![]() |
| Ilustrasi |
ICNews. Pendamping desa harus benar-benar mengawal dan mengawasi program
padat karya dana desa sehingga tidak berbentur dengan aturan-aturan lainnya.
Hal tersebut dikatakan Direktur Jenderal Pembangunan Kawasan Transmigrasi
(PKTrans), M. Nurdin, saat memberikan arahan dalam kegiatan Ministerial Forum
yang dihadiri oleh para Bupati, di Sekretariat APKASI Jakarta belum lama ini.
Ia mengatakan, dalam program padat karya tersebut dana desa harus dilaksanakan secara swakelola. Diharapkan melalui
program tersebut, masyarakat desa yang bekerja di perkotaan tertarik untuk
kembali dan mendapatkan pekerjaan di desa.

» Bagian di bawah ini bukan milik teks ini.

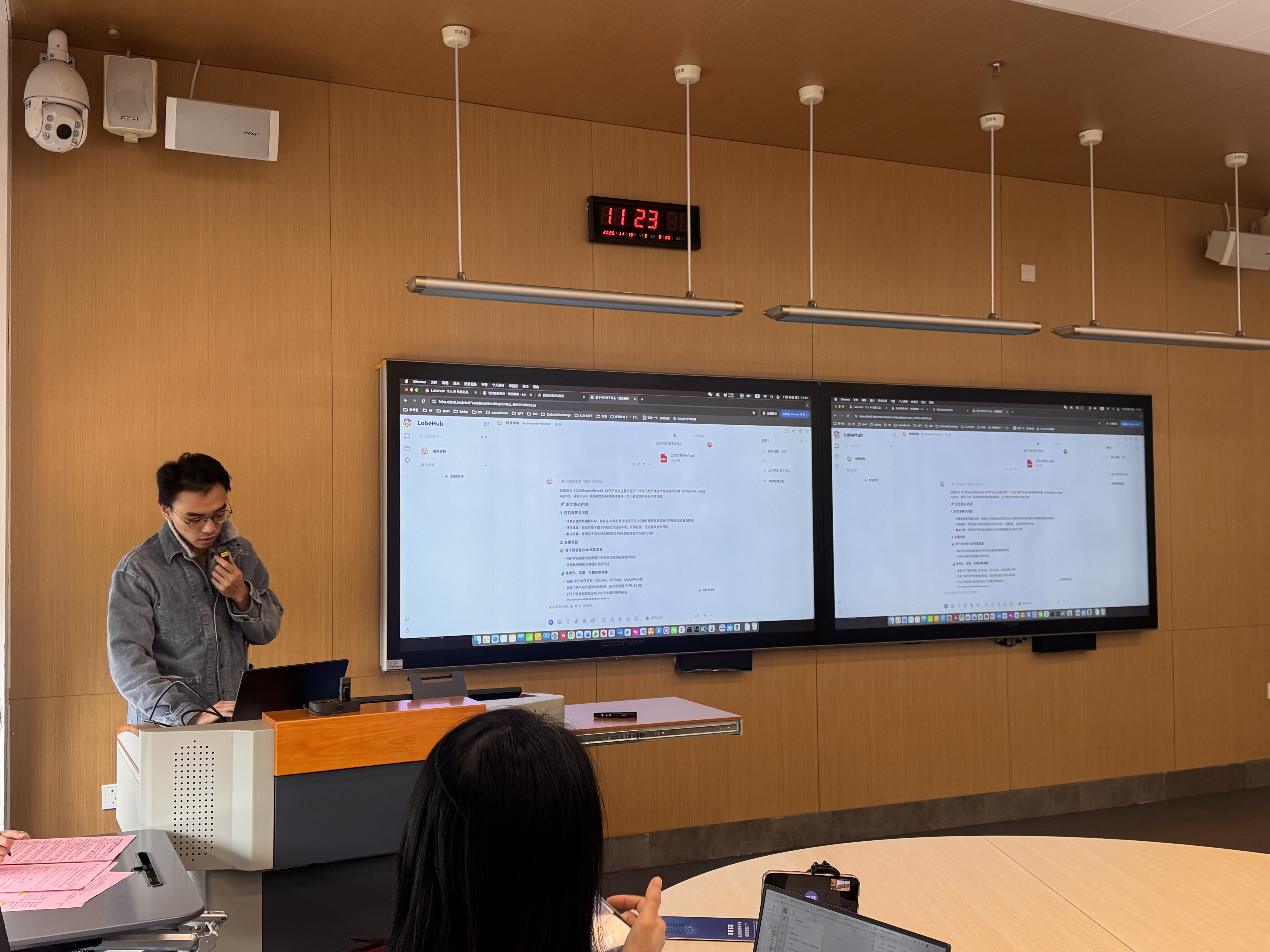 哈工大(深圳)博士生马腾云现场演示了实验配套AI平台的核心功能,展现其在任务处理、数据分析与人机交互方面的技术优势,说明该平台如何有效提升企业员工的工作效率与决策质量,为实验的数据采集与效果验证提供平台基础。

“Cash for work (program padat karya tunai) itu untuk menggarap
tenaga kerja di desa dan memanfaatkan sumber daya alam di desa untuk
pembangunan irigasi, embung, dan sebagainya,” ujarnya.

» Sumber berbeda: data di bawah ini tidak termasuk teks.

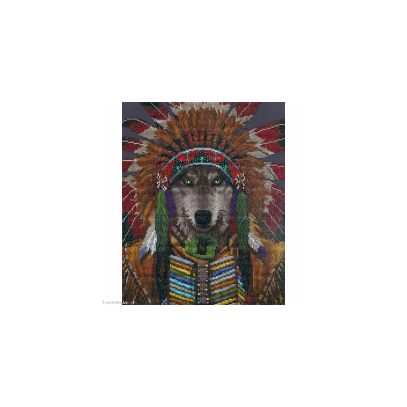 Diamond Dotz, kit diamant niveau 2 Wolf Spirit Chief (art. DD10053). Dimensions: 50 x 40 cm. Kit Diamant comprenant la toile adhésive imprimée à recouvrir de strass, les sachets de strass 'diamants' ronds triés par couleurs, un stylet et sa cire, un réceptacle et les explications.La toile est partiellement peinte, et n'est pas entièrement couverte de strass, uniquement les motifs qui donnent un bel aspect de relief.ATTENTION, ce n'est pas une broderie, pas de fil ni d'aiguille, mais une mosaïque.

Nurdin menambahkan, pelaksanaan dana desa sebaiknya mengutamakan
kualitas dibandingkan kuantitas. Ia menyarankan, menu kegiatan dana desa
sebaiknya dipersempit dan fokus pada pembangunan infrastruktur tertentu
sehingga hasil pembangunan menjadi lebih maksimal.
“Menu kegiatannya bisa dipersempit saja, tidak perlu banyak
kegiatan yang dilakukan. Sehingga memiliki impact terutama untuk infrastruktur
yang dibutuhkan oleh desa,” ujarnya.